To improve memory coalescence, we aim to access the coordinates of multiple particles simultaneously. In other words, we want to handle groups of particles in similar environments. In MDPy, we group particles in the same cell and close proximity into a tile containing 32 or fewer particles to meet GPU requirements. We then re-sequence the coordinates to follow the tile sequence, ensuring that the data of particles in the same tile is contiguous. Finally, each GPU block calculates the interactions between particles in two tiles in center or neighboring cells, allowing each block to access coalesced memory.
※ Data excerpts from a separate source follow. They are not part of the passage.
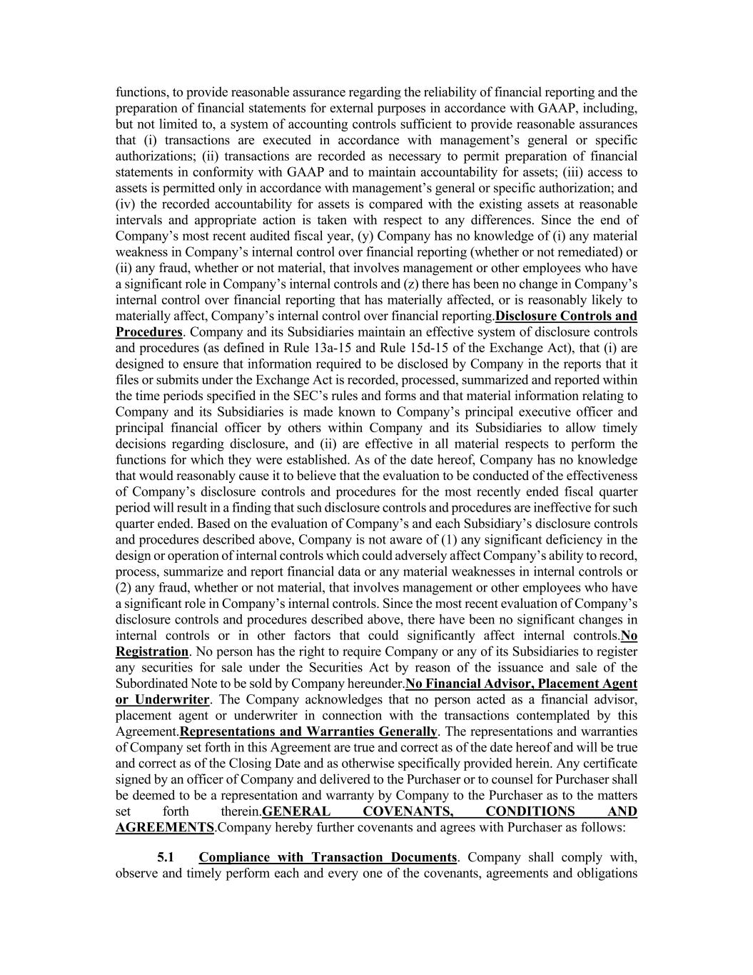 functions, to provide reasonable assurance regarding the reliability of financial reporting and the preparation of financial statements for external purposes in accordance with GAAP, including, but not limited to, a system of accounting controls sufficient to provide reasonable assurances that (i) transactions are executed in accordance with management’s general or specific authorizations; (ii) transactions are recorded as necessary to permit preparation of financial statements in conformity with GAAP and to maintain accountability for assets; (iii) access to assets is permitted only in accordance with management’s general or specific authorization; and (iv) the recorded accountability for assets is compared with the existing assets at reasonable intervals and appropriate action is taken with respect to any differences. Since the end of Company’s most recent audited fiscal year, (y) Company has no knowledge of (i) any material weakness in Company’s internal control over financial reporting (whether or not remediated) or (ii) any fraud, whether or not material, that involves management or other employees who have a significant role in Company’s internal controls and (z) there has been no change in Company’s internal control over financial reporting that has materially affected, or is reasonably likely to materially affect, Company’s internal control over financial reporting.Disclosure Controls and Procedures. Company and its Subsidiaries maintain an effective system of disclosure controls and procedures (as defined in Rule 13a-15 and Rule 15d-15 of the Exchange Act), that (i) are designed to ensure that information required to be disclosed by Company in the reports that it files or submits under the Exchange Act is recorded, processed, summarized and reported within the time periods specified in the SEC’s rules and forms and that material information relating to Company and its Subsidiaries is made known to Company’s principal executive officer and principal financial officer by others within Company and its Subsidiaries to allow timely decisions regarding disclosure, and (ii) are effective in all material respects to perform the functions for which they were established. As of the date hereof, Company has no knowledge that would reasonably cause it to believe that the evaluation to be conducted of the effectiveness of Company’s disclosure controls and procedures for the most recently ended fiscal quarter period will result in a finding that such disclosure controls and procedures are ineffective for such quarter ended. Based on the evaluation of Company’s and each Subsidiary’s disclosure controls and procedures described above, Company is not aware of (1) any significant deficiency in the design or operation of internal controls which could adversely affect Company’s ability to record, process, summarize and report financial data or any material weaknesses in internal controls or (2) any fraud, whether or not material, that involves management or other employees who have a significant role in Company’s internal controls. Since the most recent evaluation of Company’s disclosure controls and procedures described above, there have been no significant changes in internal controls or in other factors that could significantly affect internal controls.No Registration. No person has the right to require Company or any of its Subsidiaries to register any securities for sale under the Securities Act by reason of the issuance and sale of the Subordinated Note to be sold by Company hereunder.No Financial Advisor, Placement Agent or Underwriter. The Company acknowledges that no person acted as a financial advisor, placement agent or underwriter in connection with the transactions contemplated by this Agreement.Representations and Warranties Generally. The representations and warranties of Company set forth in this Agreement are true and correct as of the date hereof and will be true and correct as of the Closing Date and as otherwise specifically provided herein. Any certificate signed by an officer of Company and delivered to the Purchaser or to counsel for Purchaser shall be deemed to be a representation and warranty by Company to the Purchaser as to the matters set forth therein.GENERAL COVENANTS, CONDITIONS AND AGREEMENTS.Company hereby further covenants and agrees with Purchaser as follows: 5.1 Compliance with Transaction Documents. Company shall comply with, observe and timely perform each and every one of the covenants, agreements and obligations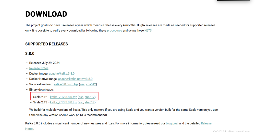 选择 kafka_2.12-3.8.0.tgz 进行下载,Scala 2.12 和 Scala 2.13 主要是使用Scala编译的版本不同,两者皆可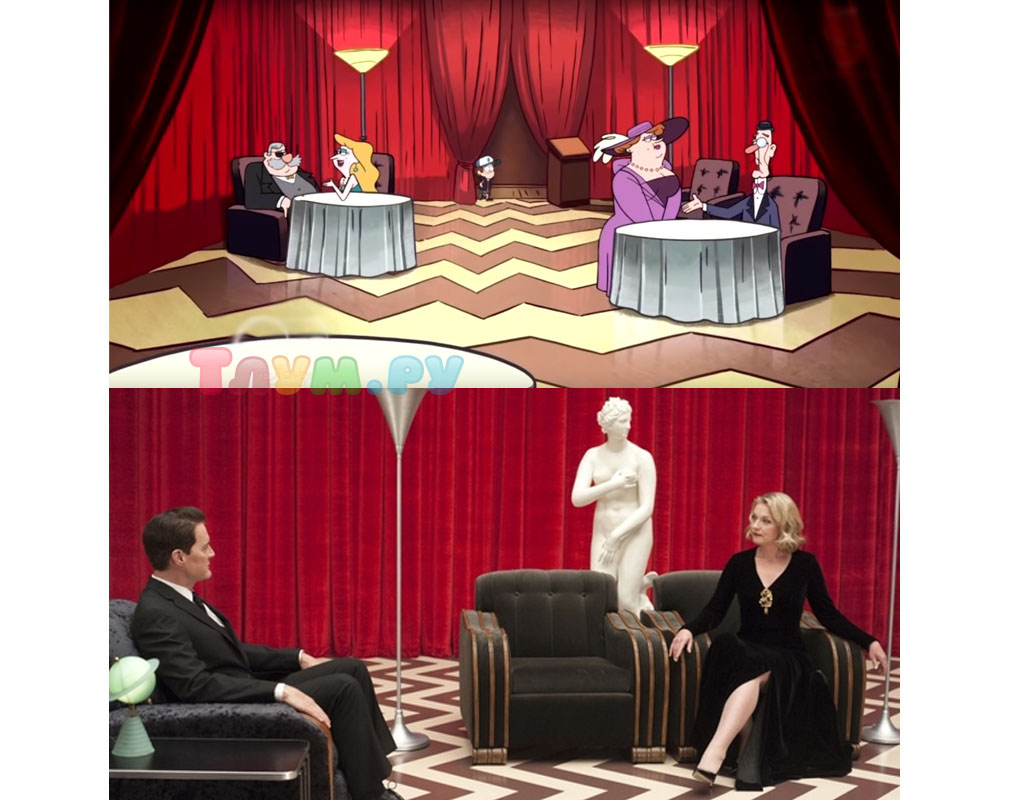 Многие называют «Гравити Фолз» «Твин Пиксом» для детей — поэтому неудивительно, что в мультсериале нашлась отсылка и на него. Ресторан, в котором Диппер встречается с Малышом Гидеоном, очень напоминает клуб «Чёрный Вигвам» из «Твин Пикса», культового телесериала девяностых.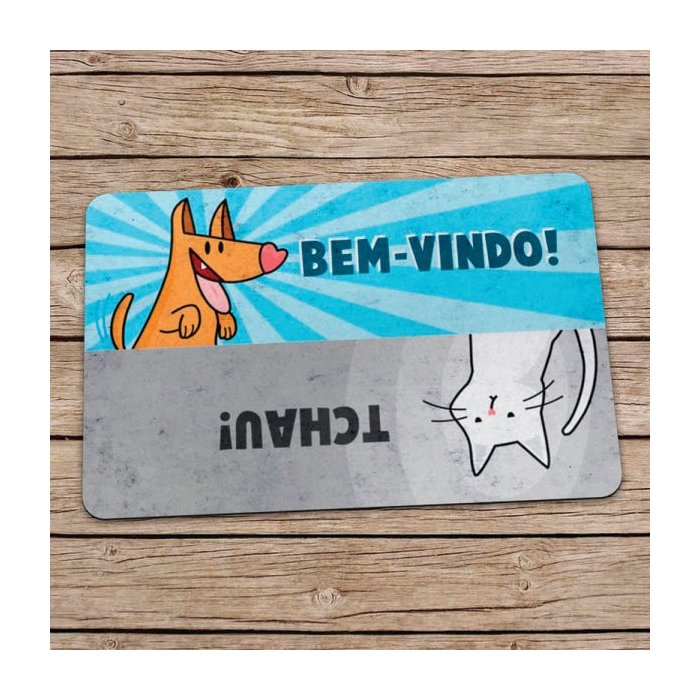 Capacho Eco Slim Cão e Gato Bem Vindo Tchau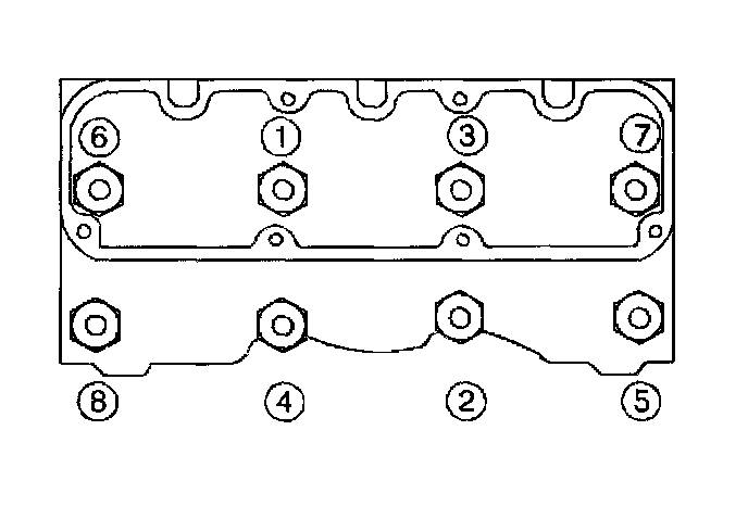 4.1. Tighten the cylinder head bolts (1-8) in the following sequence to 50 Nm (37 ft. lbs.).
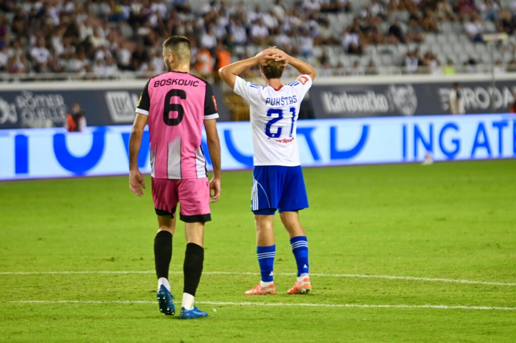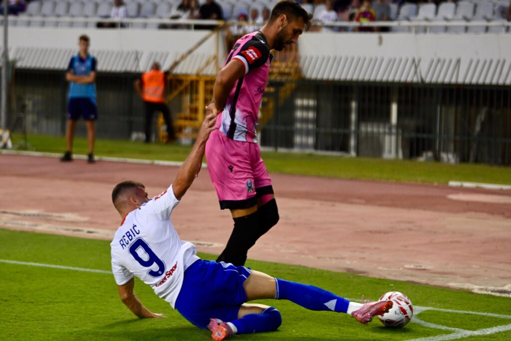 47 – Dobra šansa za Hajduk. Pred golom se našao Pukštas, ali njegov siloviti udarac odlazi malo poviše grede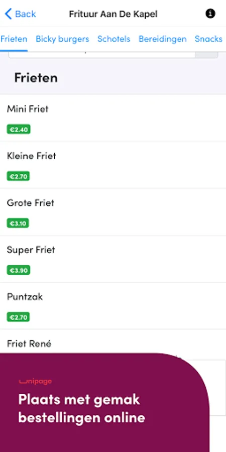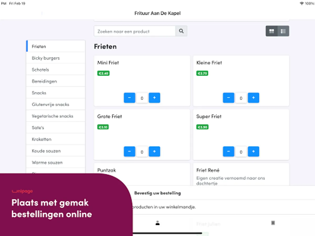 Fancy some tasty fries? Then you have come to the right place at Frituur Aan De Kapel. Come by or order online! Avoid queues and order your fries from your seat!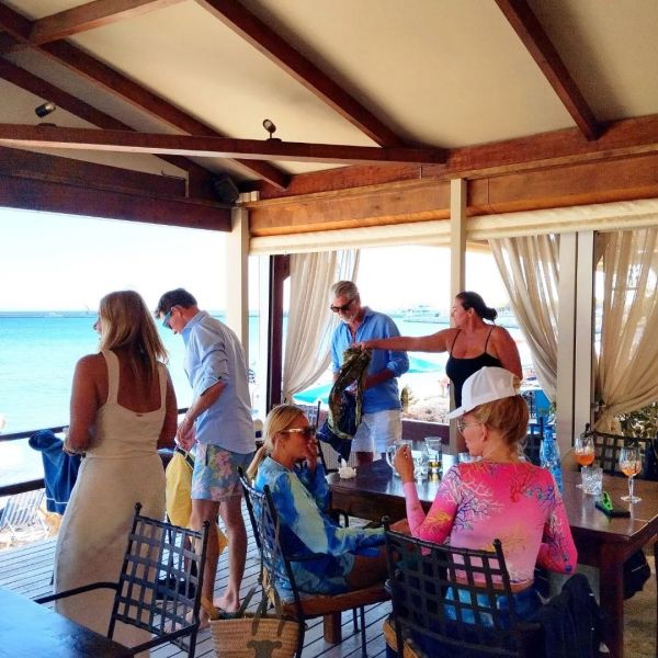 Στην επίσκεψή του στο εστιατόριο στο Πυθαγόρειο.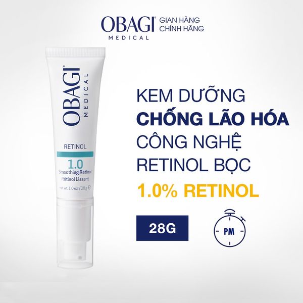 Kem dưỡng Obagi chứa 1% Retinol giúp đem lại làn da mịn màng, giảm thiểu vẻ ngoài của nếp nhăn, rãnh sâu, cũng như cải thiện tông da không đều màu cho tổng thể da rạng rỡ, trẻ trung hơn.Với công thức ưu việt chứa 1% Retinol tinh khiết được ứng dụng công nghệ vận chuyển “Entrapped Retinol” gắn kết giúp giải phóng dần dần các thành phần để giảm thiểu sự xuất hiện của nếp nhăn, giúp giảm thiểu các dấu hiệu lão hóa da, đồng thời vẫn nhẹ nhàng với làn da.

../_images/space_filling_curve.png

Fig. 4 Illustration of the Hilbert curve [3].#

MDPy uses a space-filling curve to group particles that are close together in space. A space-filling curve is a mathematical construct that maps a one-dimensional sequence of numbers to a two-dimensional or higher-dimensional space, preserving locality. In other words, it is a curve that traverses a space in a way that maximizes the continuity of nearby points.

The idea behind space-filling curves is that they provide a way to traverse a multi-dimensional space in a linear order, which can be useful for indexing or searching large datasets. By mapping the points in a multi-dimensional space to a one-dimensional sequence, space-filling curves can reduce the overhead of accessing and processing data.

../_images/space-partition.png

Fig. 5 Space partition result.#

The use of a space-filling curve enables us to hash the 3D coordinates of particles to obtain a sequence of particles in each cell. Based on the hashing result, we can construct a tile by re-sequencing the particle hash value.